## DATA BLOCK
________

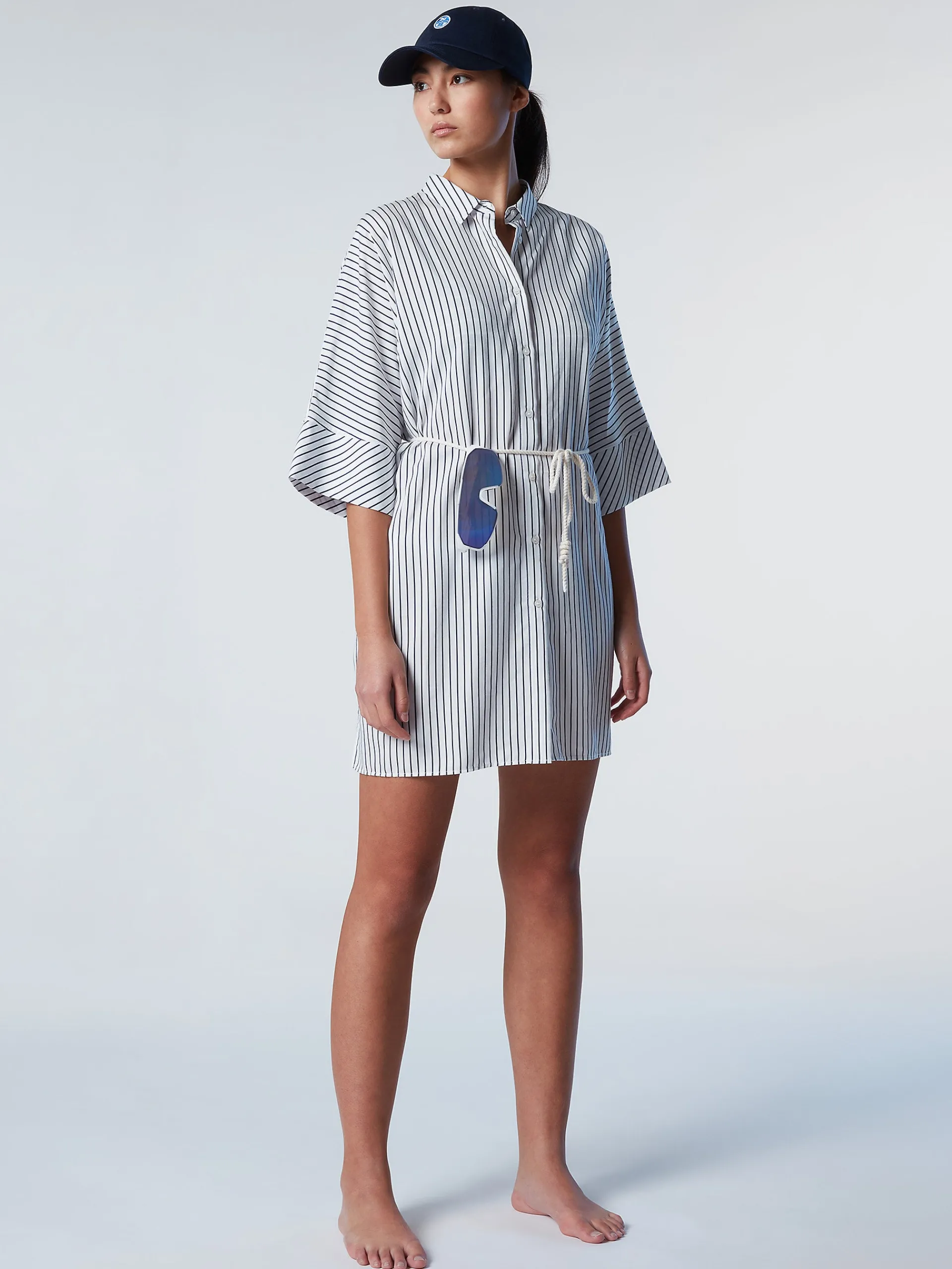 Un abito facile da indossare sopra il costume in spiaggia e come passe-partout dell'estate. Il modello è realizzato in misto viscosa con il classico motivo a righe e la coulisse in corda che richiamano l'heritage North Sails legato al mare e alla vela. Si caratterizza per le ampie maniche a kimono per una silhouette rilassata e versatile.
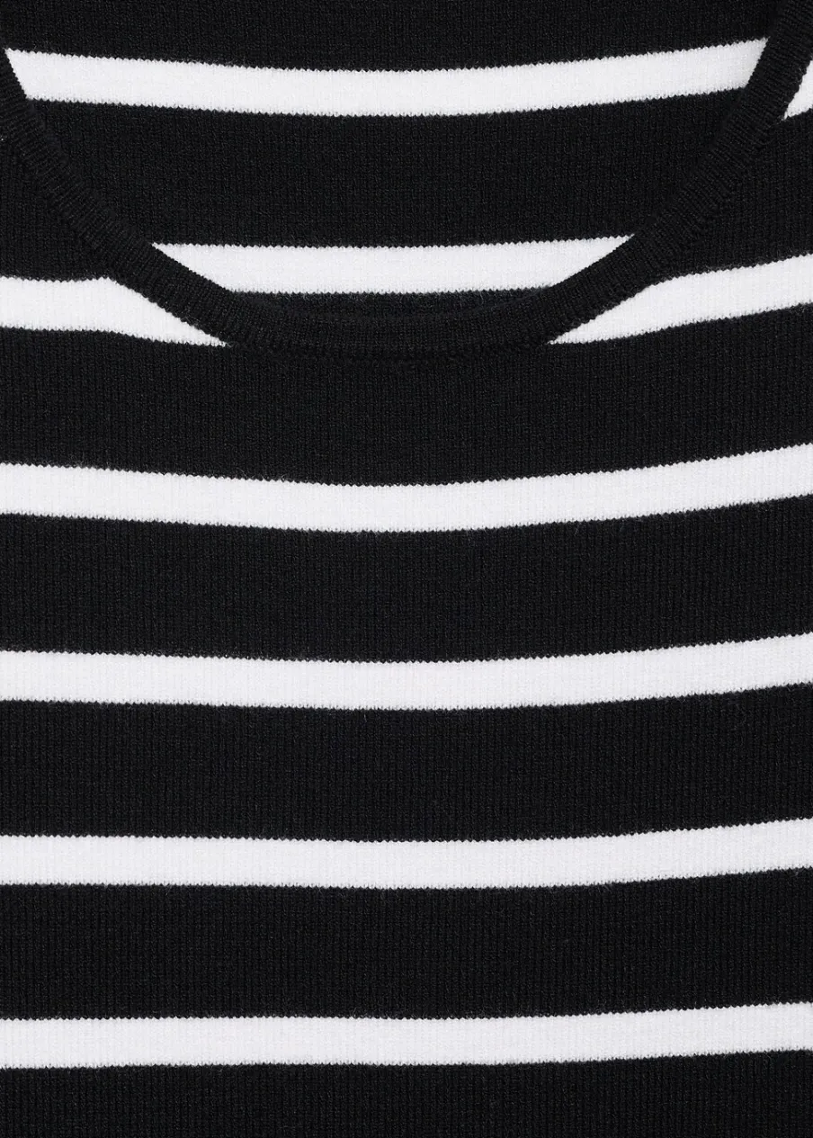 OpisTkanina z cienkiej dzianiny. Krótki krój. Model prosty. Wzór w pasy. Okrągły dekolt. Szerokie ramiączka. Bez z…
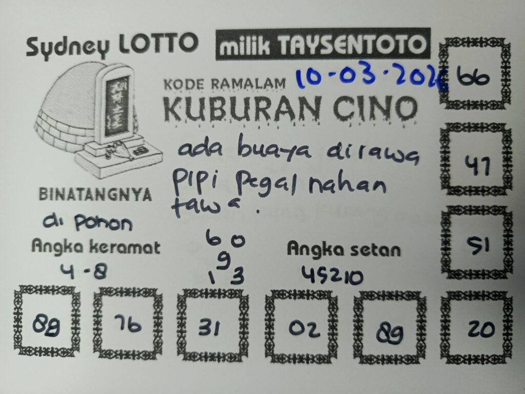 Syair Kuburan Cino Sydney Hari ini Selasa, 10 Maret 2026
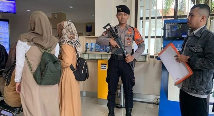 Layanan ini terus disampaikan secara intens oleh masyarakat terutama para warga yang berada di kantor Perbankan. Ini yang dilakukan oleh Anggota Sat Samapta Polres Ciamis Polda Jabar yakni Bripda Noval yang bertugas pengamanan di Bank BJB Cabang Ciamis, Kecamatan Ciamis, Kabupaten Ciamis, Jawa Barat, Selasa (25/3/2025).

________

## WHAT YOU HAVE TO DO
Reproduce the material above in full and without alteration, but skip all pictures.

## RESPONSE BELOW
 Un abito facile da indossare sopra il costume in spiaggia e come passe-partout dell'estate. Il modello è realizzato in misto viscosa con il classico motivo a righe e la coulisse in corda che richiamano l'heritage North Sails legato al mare e alla vela. Si caratterizza per le ampie maniche a kimono per una silhouette rilassata e versatile.
 OpisTkanina z cienkiej dzianiny. Krótki krój. Model prosty. Wzór w pasy. Okrągły dekolt. Szerokie ramiączka. Bez z…
 Syair Kuburan Cino Sydney Hari ini Selasa, 10 Maret 2026
 Layanan ini terus disampaikan secara intens oleh masyarakat terutama para warga yang berada di kantor Perbankan. Ini yang dilakukan oleh Anggota Sat Samapta Polres Ciamis Polda Jabar yakni Bripda Noval yang bertugas pengamanan di Bank BJB Cabang Ciamis, Kecamatan Ciamis, Kabupaten Ciamis, Jawa Barat, Selasa (25/3/2025).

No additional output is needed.